# TASK GOAL:
Please restate the entries below word for word, leaving out any pictures.

Stored entries
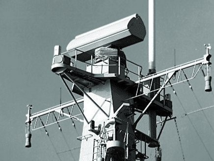 cropped photo
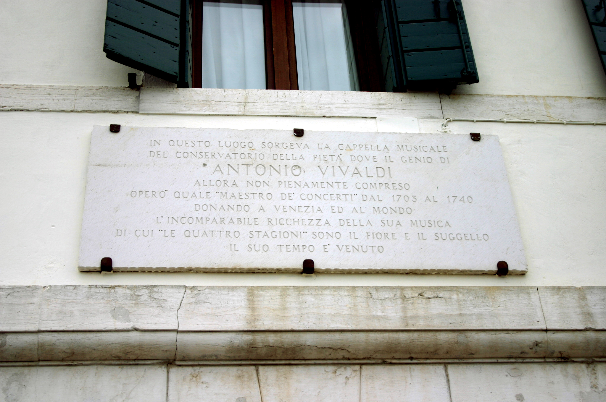 Venice, plaque commemorating composer Antonio Vivaldi beside the chiesa della Pietà church-conservatory. Vivaldi taught music in this church (and wrote music for it) for many years (1703-1740). Picture by Giovanni Dall'Orto, August 8, 2007.
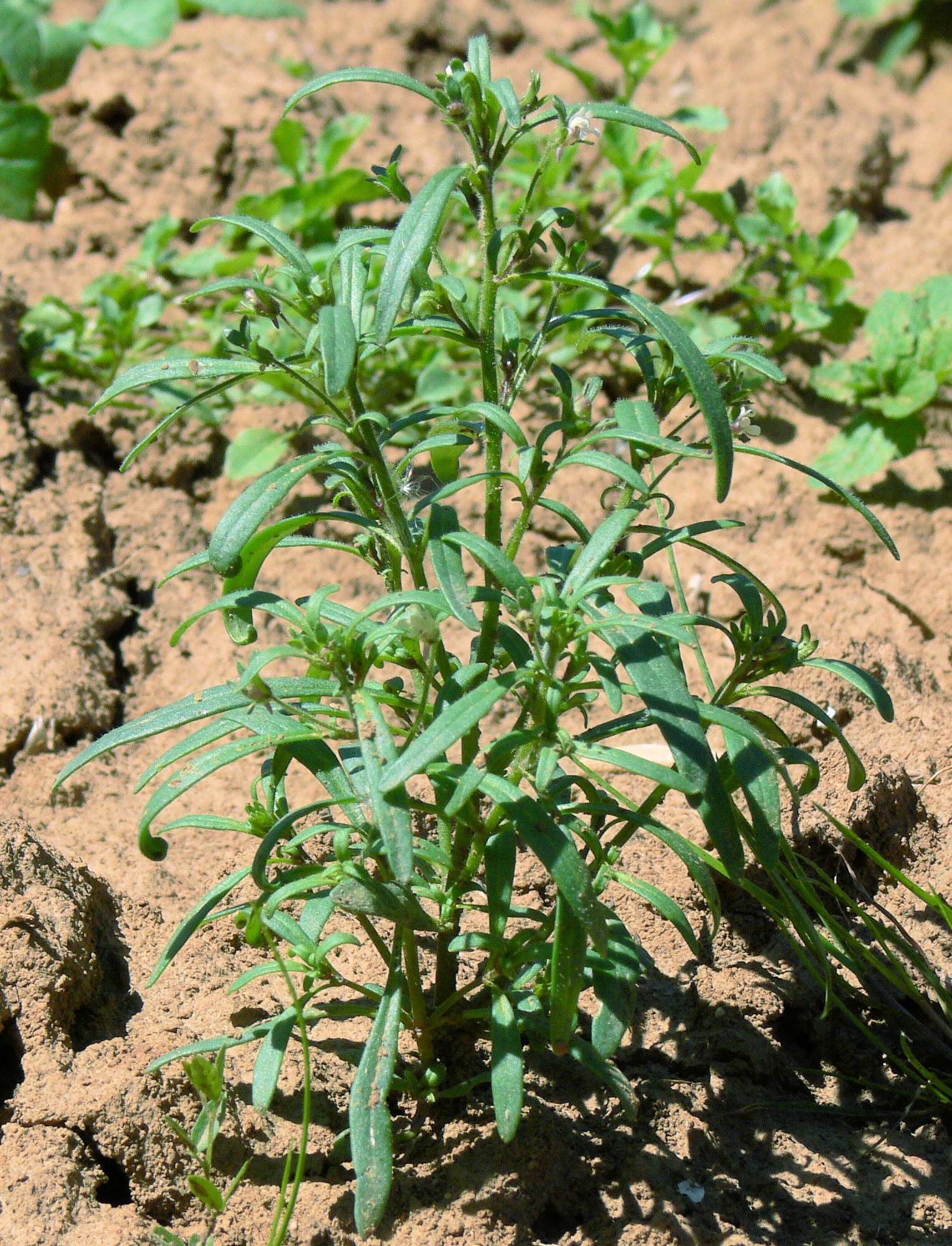 dwarf snapdragon
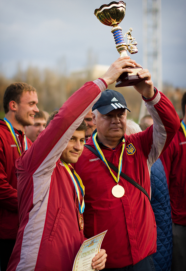 MFC Mykolaiv vs FC Sumy, 6 April 2013, Ukrainian First League
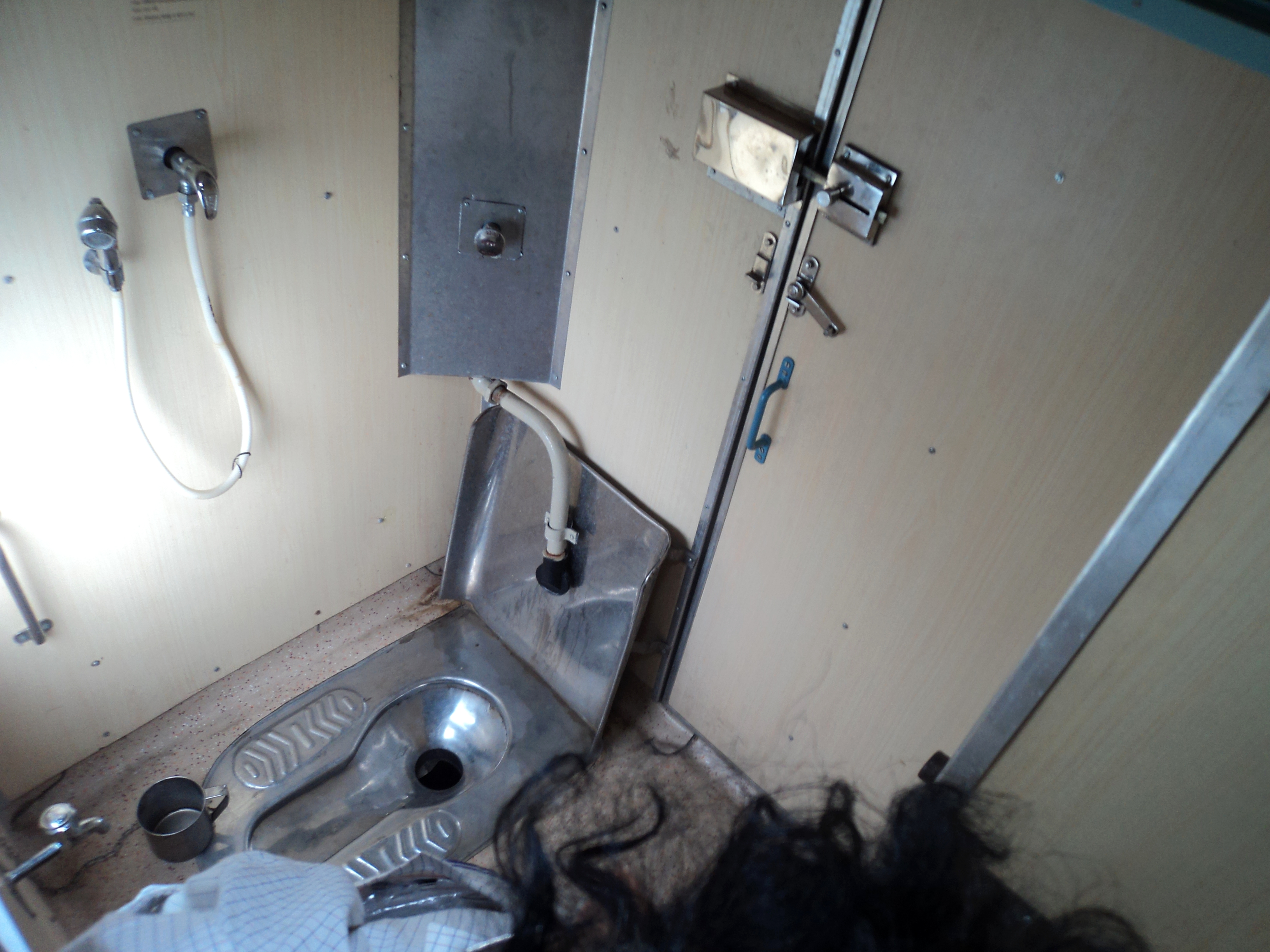 the train no:11014(lokmania tilak) train's A/c coach toilet on november-2011
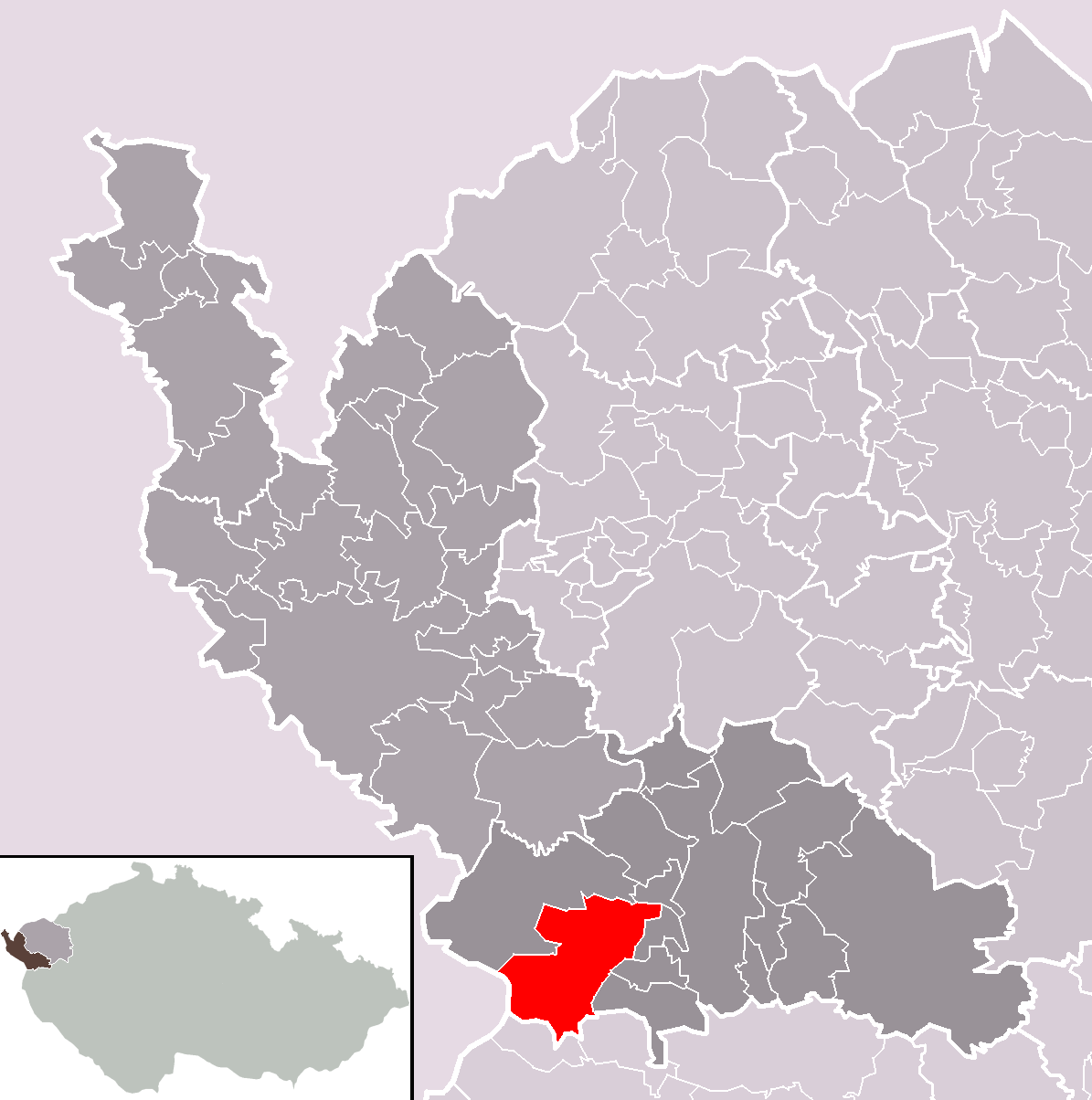 Location of Tři Sekery municipality within Cheb District and administrative area of Mariánské Lázně as a Municipality with Extended Competence.
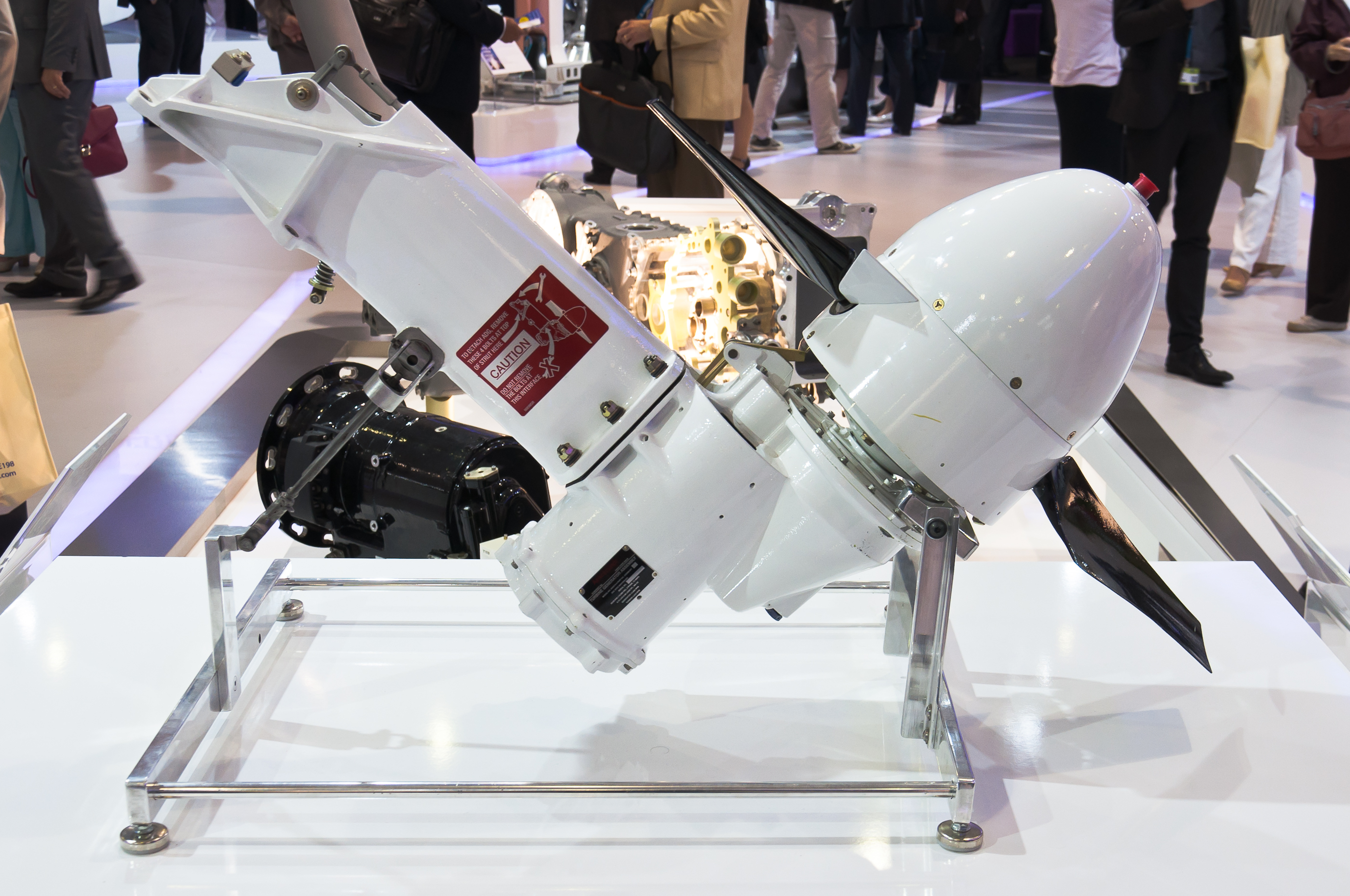 Safran/Hispano-Suiza backup electrical generation system (RAT) for the Ebmraer KC-390 aircraft.
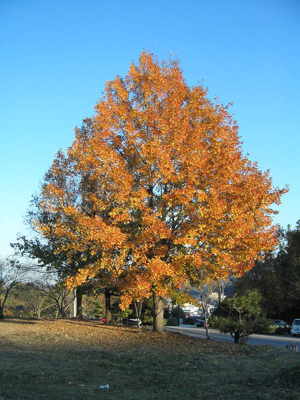 statue of Liquidambar_formosana tree in autumn
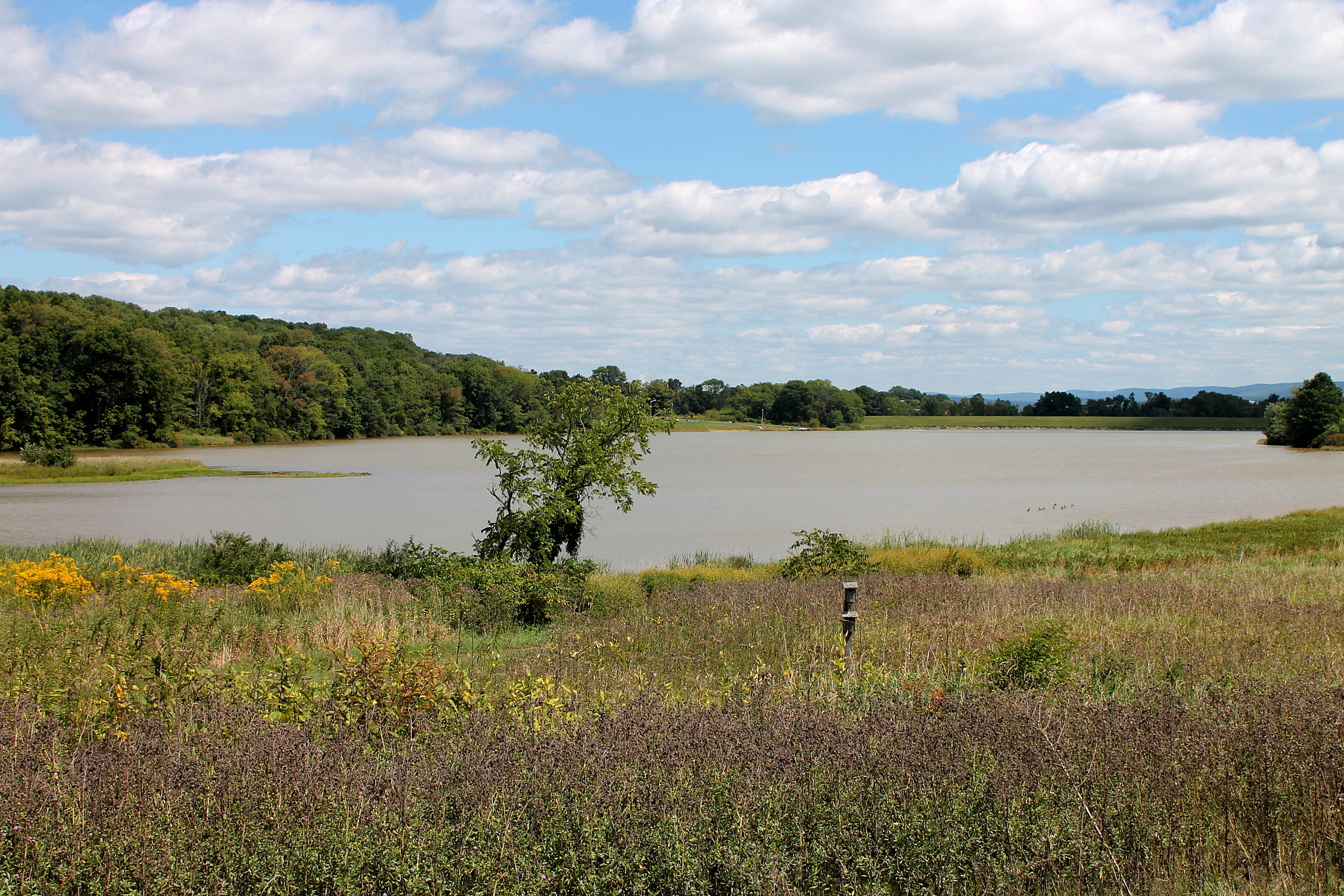 Briar Creek Lake in August. View is from the west. The lake's dam can be seen in the background.
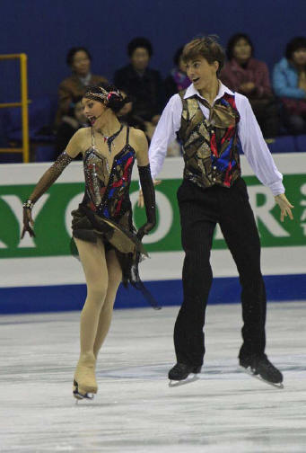 Ekaterina RIAZANOVA Jonathan GUERREIRO (RUS) Grand Prix Final 2008 – Juniors Dance. OD - Rhythms of the 1920s, 1930s, and 1940s
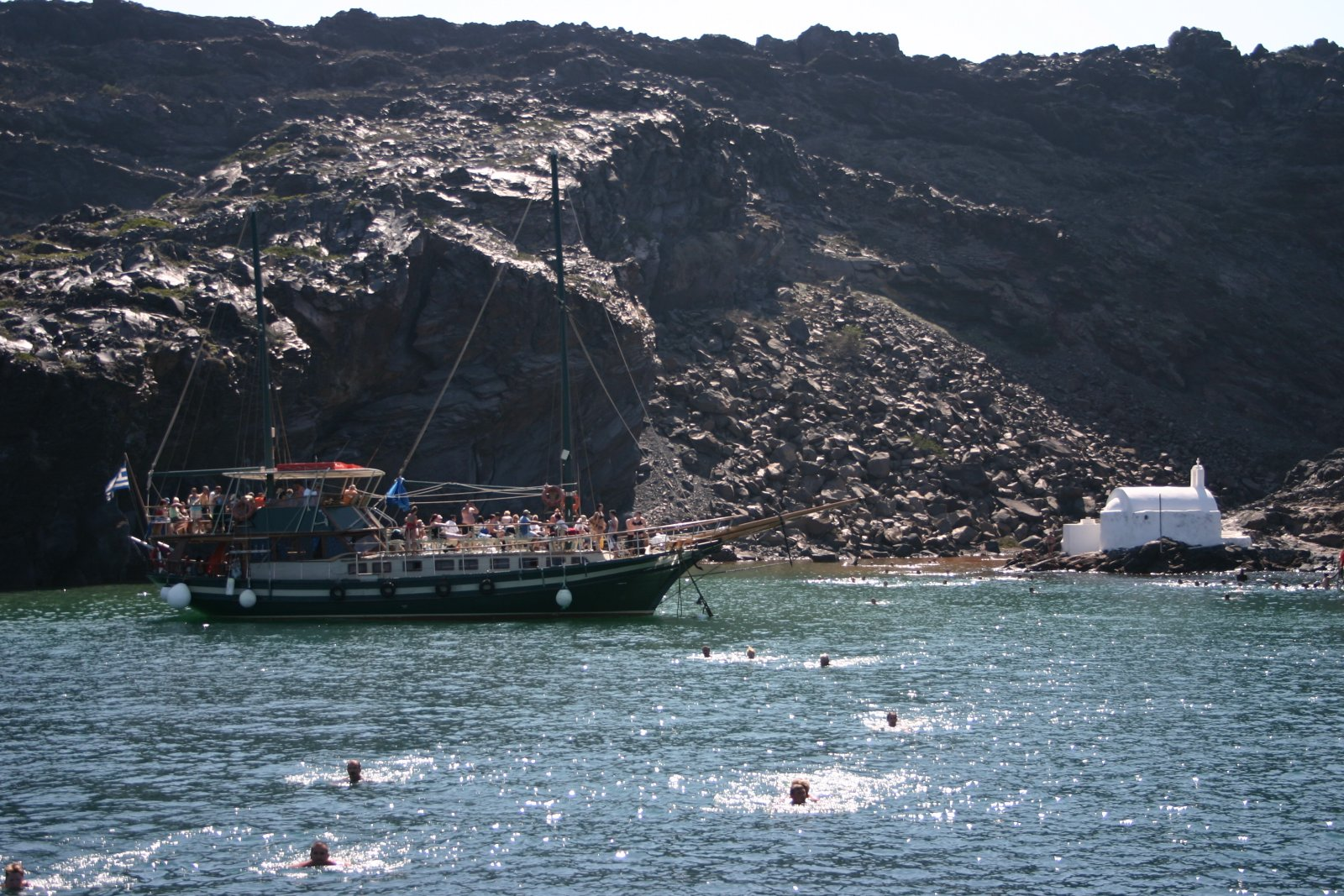 take a bath on the hot springs at Palea Kameni on Santorini

# REPLY:
 cropped photo
 Venice, plaque commemorating composer Antonio Vivaldi beside the chiesa della Pietà church-conservatory. Vivaldi taught music in this church (and wrote music for it) for many years (1703-1740). Picture by Giovanni Dall'Orto, August 8, 2007.
 dwarf snapdragon
 MFC Mykolaiv vs FC Sumy, 6 April 2013, Ukrainian First League
 the train no:11014(lokmania tilak) train's A/c coach toilet on november-2011
 Location of Tři Sekery municipality within Cheb District and administrative area of Mariánské Lázně as a Municipality with Extended Competence.
 Safran/Hispano-Suiza backup electrical generation system (RAT) for the Ebmraer KC-390 aircraft.
 statue of Liquidambar_formosana tree in autumn
 Briar Creek Lake in August. View is from the west. The lake's dam can be seen in the background.
 Ekaterina RIAZANOVA Jonathan GUERREIRO (RUS) Grand Prix Final 2008 – Juniors Dance. OD - Rhythms of the 1920s, 1930s, and 1940s
 take a bath on the hot springs at Palea Kameni on Santorini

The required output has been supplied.